Excarcelado en diciembre de 1916 se separa de Escalona, quien se arroja por el barranco del pillaje y a partir de entonces se gana los soles que otorga la temeridad. Participa en invasiones frustradas, comanda batallas victoriosas y persiste en organizar las huestes antigomecistas. En Puerto Carreño se incorpora a las fuerzas del doctor y general Roberto Vargas y del famoso Arévalo Cedeño. Asume la conducción de uno de los batallones para los despiadados enfrentamientos que se avecinan: El 27 de mayo se cubre de gloria en La Ceniza a orillas del Capanaparo, y en junio derrocha valentía en la toma de Guasdualito. Sin embargo, los rebeldes pierden la batalla. Cunde el desconcierto, se avivan los resabios y las divisiones. Tapia relata que mientras se decidía abandonar Guasdualito, Pérez Delgado permaneció en silencio y luego dijo: “Malditos sean los doctores y todo aquél que aprovecha la guerra para ver si llega arriba a costa de los de abajo”. Antes de marcharse hacia Elorza, seguido por 22 hombres, habría exclamado: “Juro que no daré un paso más al lado de estos carajos”. Arévalo Cedeño cuenta: “A media noche y con un temporal de agua, rayos y truenos, se presentó de regreso el doctor París para decirme que sin pérdida de tiempo levantara mi campamento, porque había algo muy grave que estaba pasando en Elorza”. Según el jefe guerrillero fue informado que tanto Alfredo Franco (el expendedor de brebajes de Tinaquillo) como Maisanta, habían pactado desde el día anterior su entrega al gobierno.

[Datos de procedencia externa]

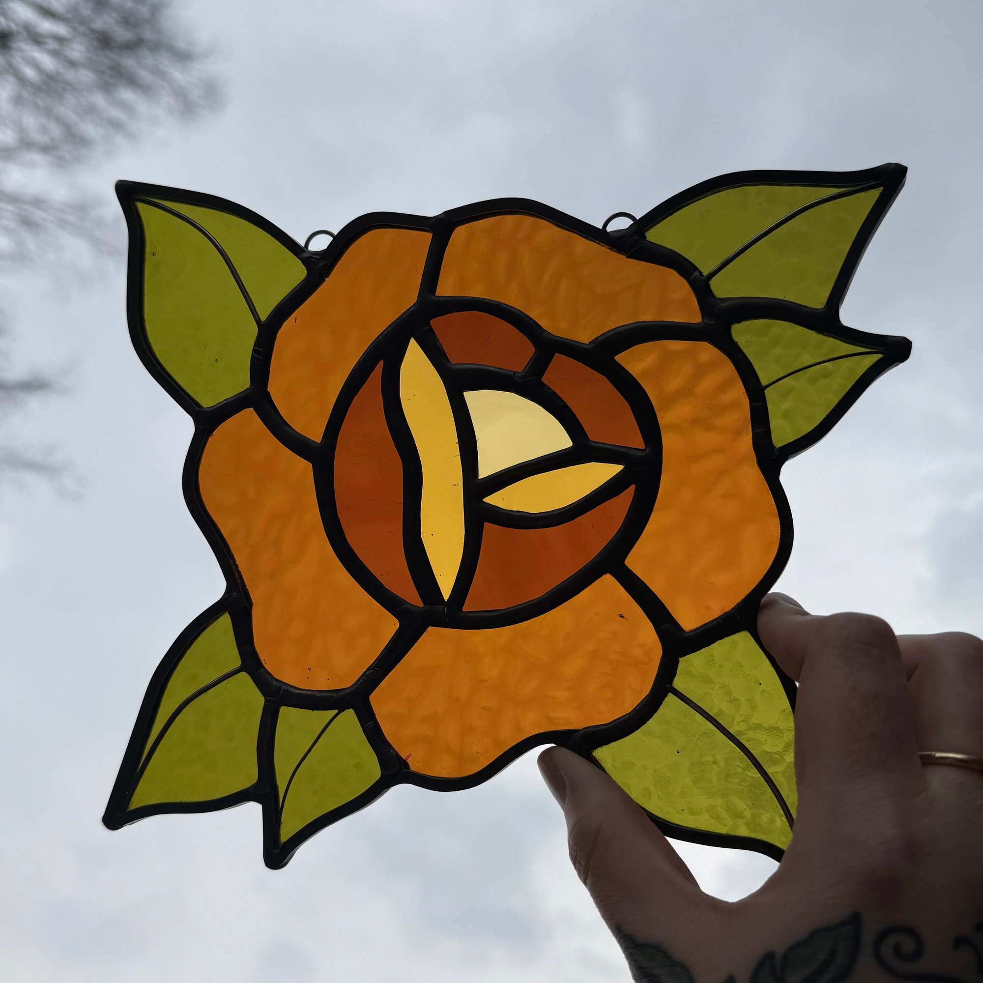 stained glass rose sun catcher with wire detail. hanging chain attached. approximately 8" around.

Botello da a conocer varias cartas que revelan cómo en la prisión, acosado por las penurias económicas, la pérdida de la visión y el desencanto, Pérez Delgado envió mensajes al propio Juan Vicente Gómez. El 16 de junio de 1922, desde la cárcel de Ciudad Bolívar, escribe: “Es cierto, mi general que yo fui enemigo del gobierno, pero cuando me convencí que andaba por camino extraviado, me presenté y me dieron garantías. Desde ese instante juré ser su amigo y hasta la fecha he sido leal con mi juramento. No tengo nada que se me pueda arrojar a la cara y sin embargo estoy preso sin saber el porqué”. Luego añade: “Le repito mi juramento de que soy su amigo leal y de que estoy dispuesto a probárselo. Le pido justicia y aclaración de lo que se me achaca, en la conciencia de que no soy culpable de absolutamente nada. Y espero que usted con su clemencia y justicia que lo glorifica, en presencia de la verdad, me conceda el honor de darme mi libertad con la misma emoción y lealtad que le juré y le juro nuevamente. Soy su afectísimo amigo y subalterno. Pedro Pérez Delgado”.


LA MUERTE

Maisanta murió en el Castillo de Puerto Cabello el 8 de noviembre de 1924. Tapia sostiene que su muerte se produjo después de consumir vidrio molido colocado en las magras raciones de prisionero. En el corrido de Andrés Eloy Blanco se habla que el guerrillero fue víctima de un satánico envenenamiento. Y Botello se apoya en testimonios para demostrar que falleció por un infarto después de padecer dolencias cardíacas postrado ante la imagen de la Virgen del Carmen y con la mano izquierda apretando un escapulario y escoltado por sus amigos Juan Carabaño y el capitán Eduardo D’Suze. Los compañeros de prisión le colocaron los grillos que habían humillado sus tobillos y permanecieron en vela toda la noche frente a su cuerpo desnudo. Al día siguiente, una carreta de mula llegó con un cadáver al viejo cementerio de El Olvido y los restos del combatiente fueron dejados en una fosa común, donde se confundían héroes y villanos castigados sin distingo por el terror gomecista.